Freescale iMX53 The Freescale IMX53QSB is enabled with a JeOS based minimal command line image.

Broadcom BCM2835 update:As the Raspberry Pi is a ARMv6 chip, it is not supported, sorry…**

[gallery ids=”15837,15796”]

Unsupported Hardware For those that have hardware that isn’t currently enabled by openSUSE, a root filesystem is provided to enable hardware bring up. This is offered for both JeOS minimal command line and XFCE graphical environments.

Getting openSUSE for ARMv7

For more information on how to get involved with openSUSE on ARM please see the ARM Portal.

Status of openSUSE 12.3 for ARM 64bit

As also announced with openSUSE 12.3, there are images for openSUSE 12.3 available for AArch64. These are of an experimental nature - we don’t continuously update them and are very interested in feedback about them. We provide over 5700 packages readily built for AArch64, which means openSUSE currently provides the biggest software pool for AArch64, including Java, Python, Perl, PHP and related packages. All builds are done on ARM’s Foundation Model, which provides a system emulation on x86_64 Linux systems, however not in the most performing way.
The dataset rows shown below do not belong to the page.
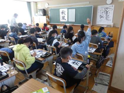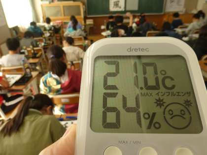 教室の3時間目の気温です。習字の授業、今日は清書です。
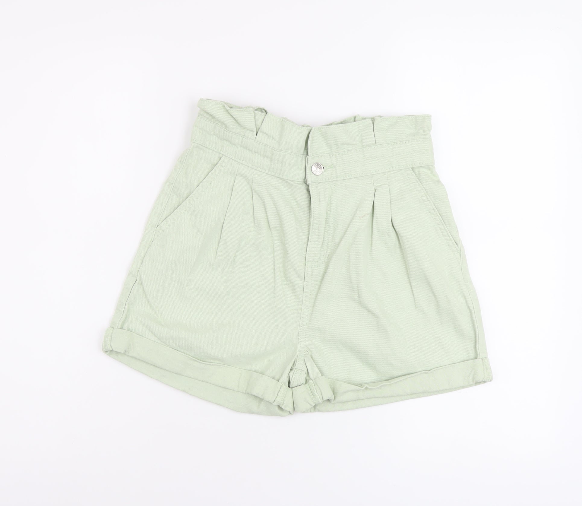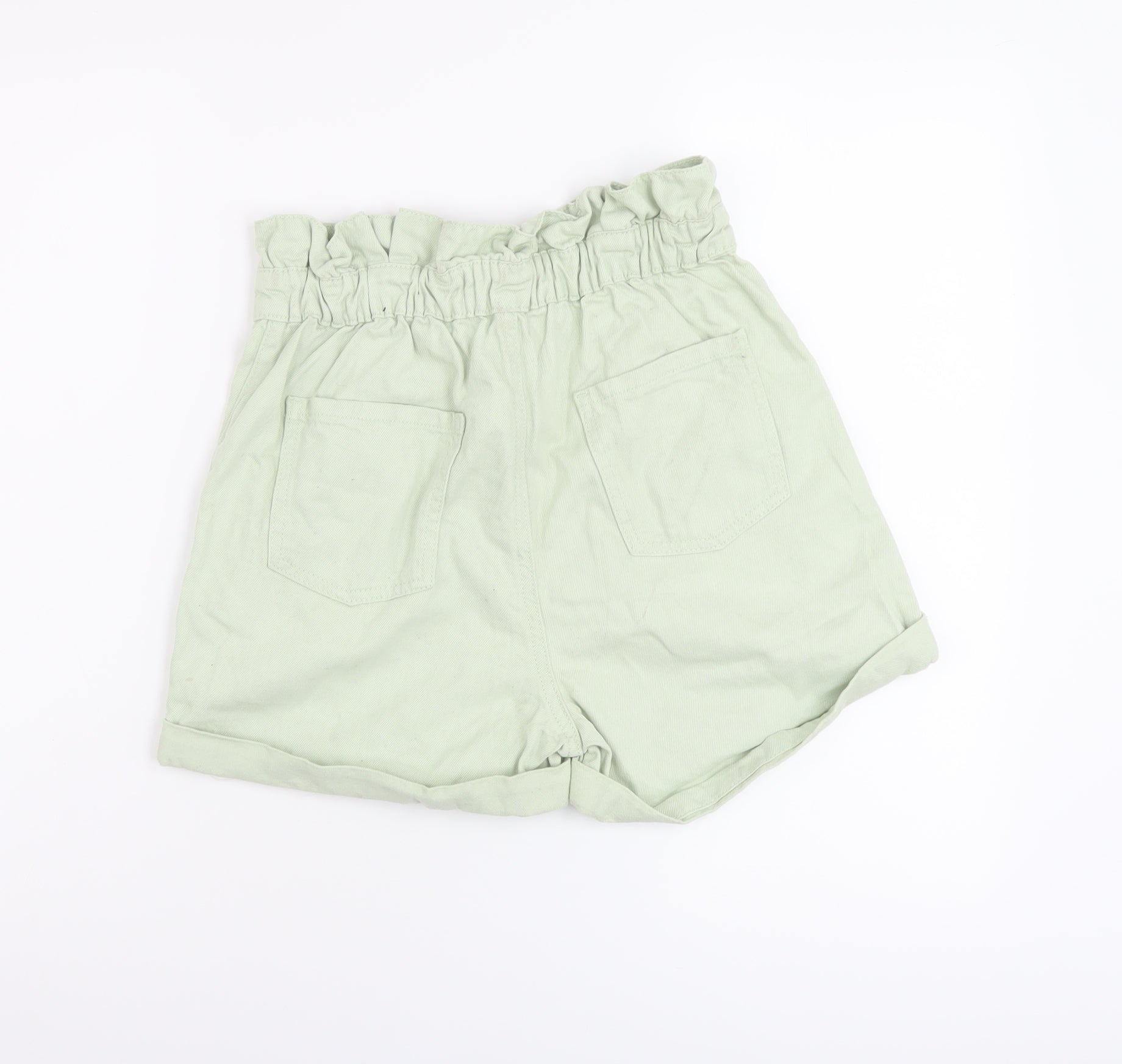 Girls Green Cotton Paperbag Shorts Size 11-12 Years Regular Zip
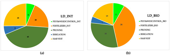 In particular, in comparing organic farms, it was clear that LD_BIO was the most impactful system with an emission of 266 × 103 kg CO2 eq/ha. In addition, for the integrated farming, LD systems show the highest GHG emissions (197 × 103 kg CO2 eq/ha).
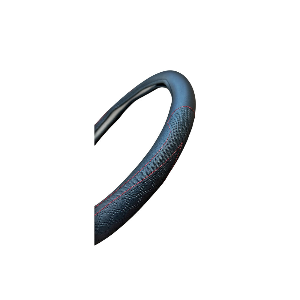 Husa Volan Imitatie Piele marimea M,culoare Neagra cusatura Rosie
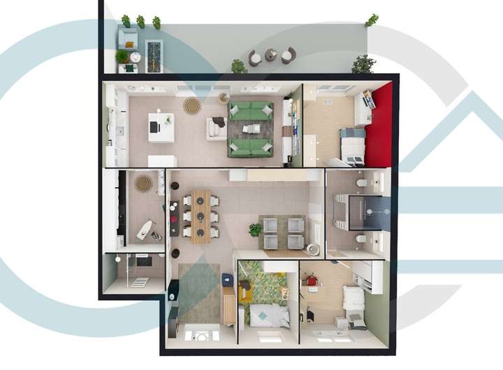 Die 3D-Grundrisse, sowie die Visualisierungen bieten eine realitätsnahe Darstellung der Raumaufteilung und Einrichtung der Wohnung. Dennoch sind leichte Abweichungen zur tatsächlichen Gestaltung möglich.
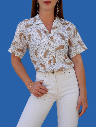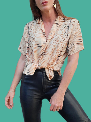 Chemisette vintage Jenn - Imprimé Animalier. Taille L, 40, 42. Marron, beige et noir.

SUSE has temporarily assigned some significant internal computing resources to the ARM compile jobs, allowing the team to massively parallelize and automate the builds within the Open Build Service for all the packages and finish an initial build within a few weeks. Since then, a team of contributors is working on continuously fixing portability issues and enabling new packages to be built.

Conclusion

All in all, as you can see, the Geeko ARMies march forward. There is massive progress on 32Bit hardware support while openSUSE packages for 64 bit are readied for wider consumption and there is no sign of slowing down thanks to additional hardware for ARM specific and soon for the Open Build Server in general. If you want to be part of this ARMed revolution, check out the ARM Portal and join us on IRC in the #openSUSE-ARM channel on Freenode!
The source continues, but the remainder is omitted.